Processing redundant information may overload working memory when learners are dealing with intrinsically complex information, and uninterrupted presentation of long textual descriptions could contribute to this complexity by forcing learners to relate and reconcile many elements of auditory and visual information within a limited time.
Effective techniques for preachers
So what conclusions can we draw from the research? What guidelines should Bible teachers in churches follow?
1. Think more carefully about the best way to help congregations absorb the Bible passage.
Professor Sweller advises that congregations should listen to the Bible being read, then if the preacher wants the congregation to read though the text then this should be done afterwards.
"Reading and listening non-concurrently eliminates the particular problem addressed in the paper," he says.
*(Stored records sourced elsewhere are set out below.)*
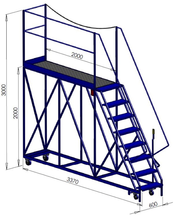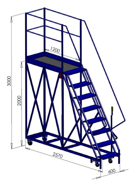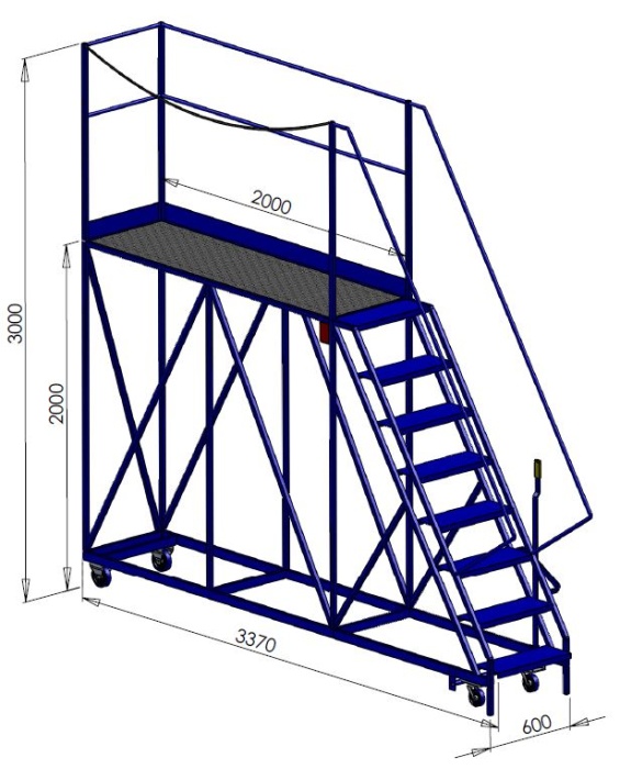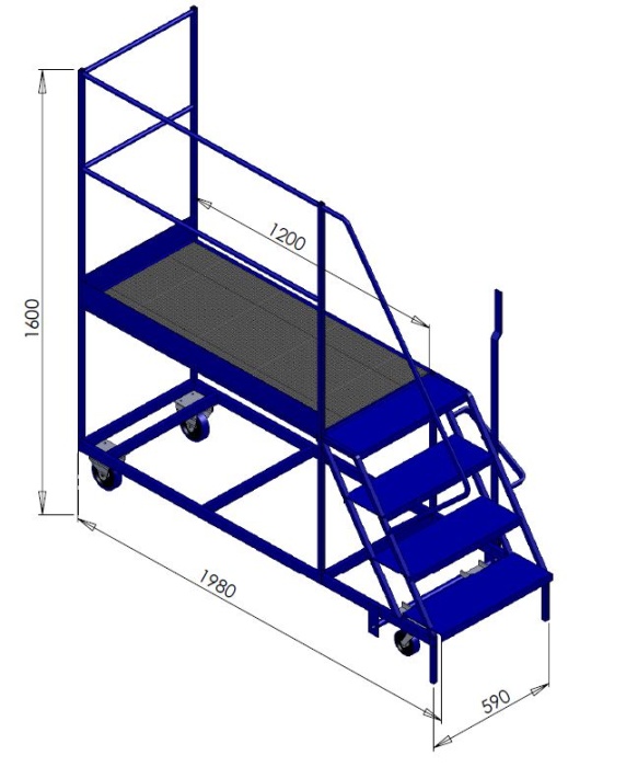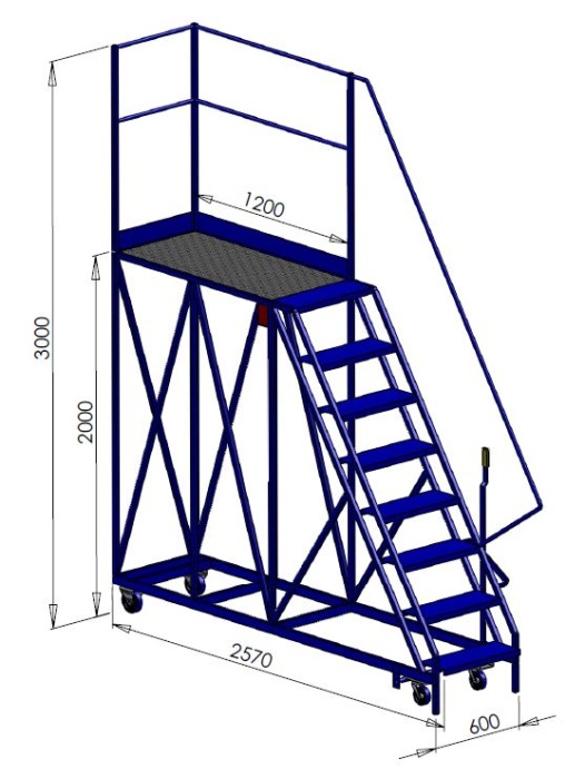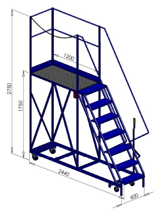 These gantry steps are made from either 3/4 inch or full inch box, this is a sturdy and rigid construction with good strength, these steps have 4 wheels, 2 fixed 2 swivel for easy manoeuvring. There is a handrail to 1 long side and 1 end with 1 side open.
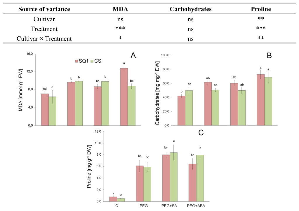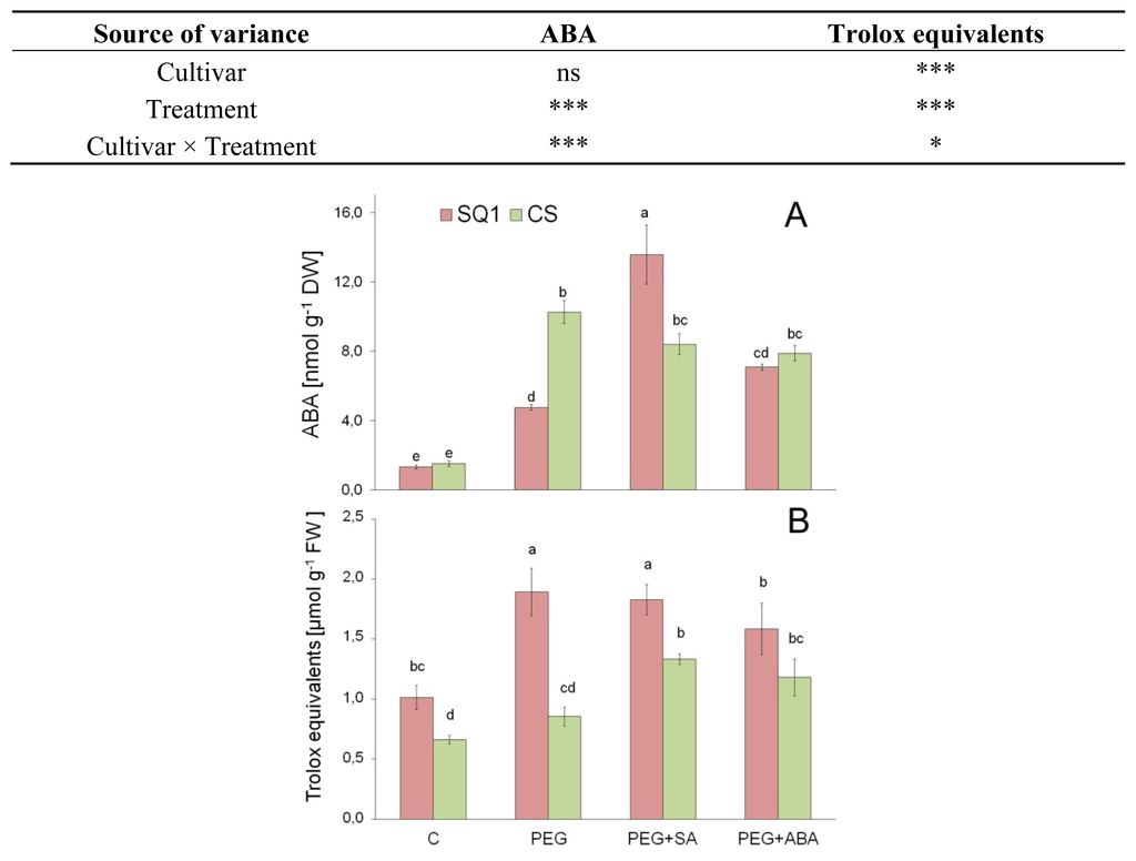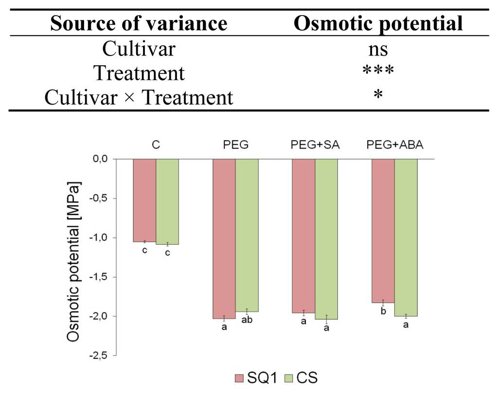 Marcińska, I.; Czyczyło-Mysza, I.; Skrzypek, E.; Grzesiak, M.T.; Janowiak, F.; Filek, M.; Dziurka, M.; Dziurka, K.; Waligórski, P.; Juzoń, K.; et al. Alleviation of Osmotic Stress Effects by Exogenous Application of Salicylic or Abscisic Acid on Wheat Seedlings. Int. J. Mol. Sci. 2013, 14, 13171-13193. https://doi.org/10.3390/ijms140713171
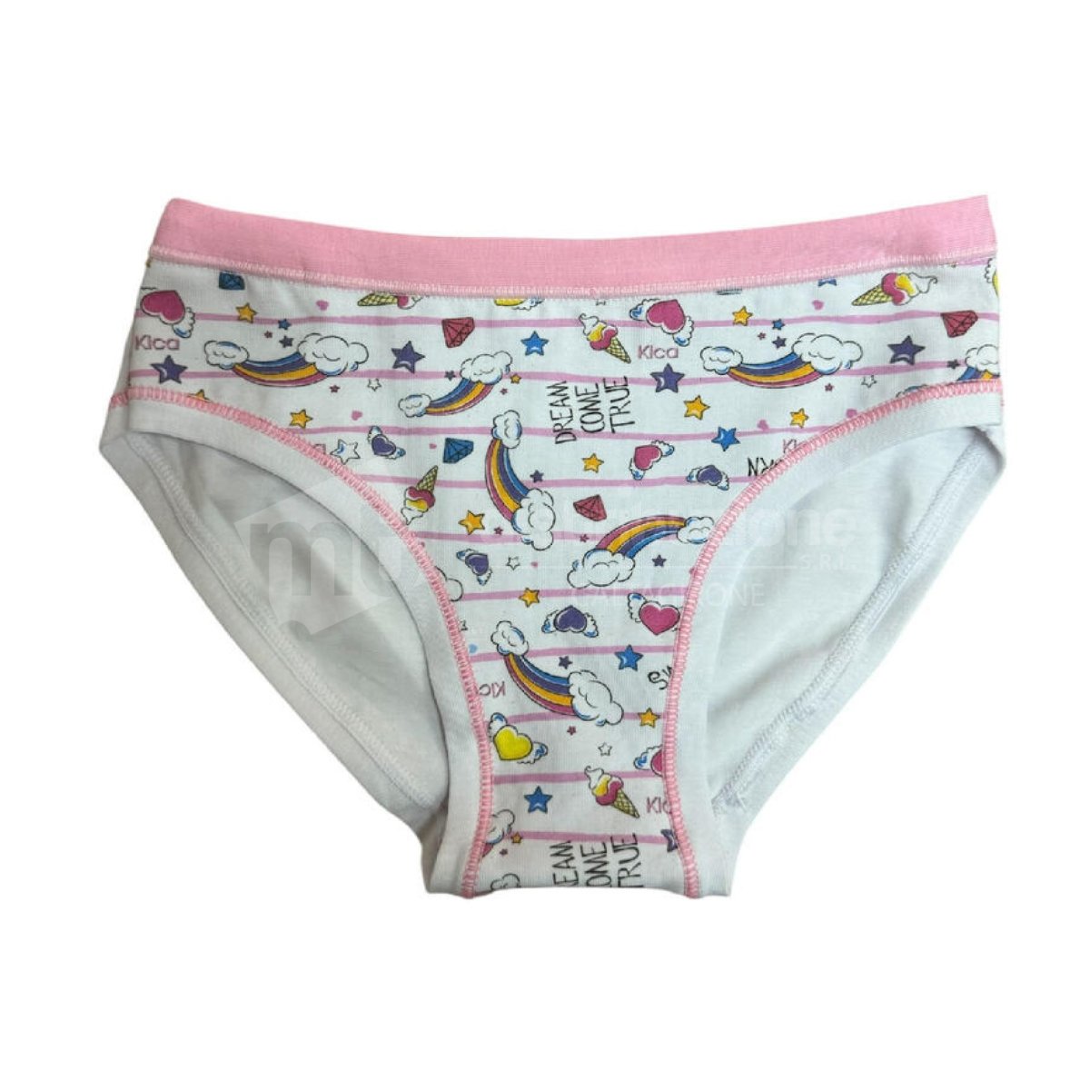 Slip bimba Kica in cotone elasticizzato con fantasia. Composizione: 90% Cotone 10% elastan. Confezione da 12 pezzi. Disponibile nel colore Bianco nelle taglie 3 – 4 – 5 – 6 – 7 – 8 – 9 – 10.

2. Use hand-outs, overheads and Power Point thoughtfully.
Care should be taken not to present visual text and oral explanation at the same time. A Bible teacher should not read the congregation through text in a hand-out, overhead or Power Point. It does not aid in learning; it splits attention.
3. Any sermon outline must be brief
Displaying very brief written text as a sermon outline might still be beneficial.
4. Visual aids can be helpful
Information that needs to be integrated (eg graphs, diagrams, other visual aids) in order to be comprehended should be presented simultaneously. This is where hand-outs, overheads or PowerPoint presentations can come into their own.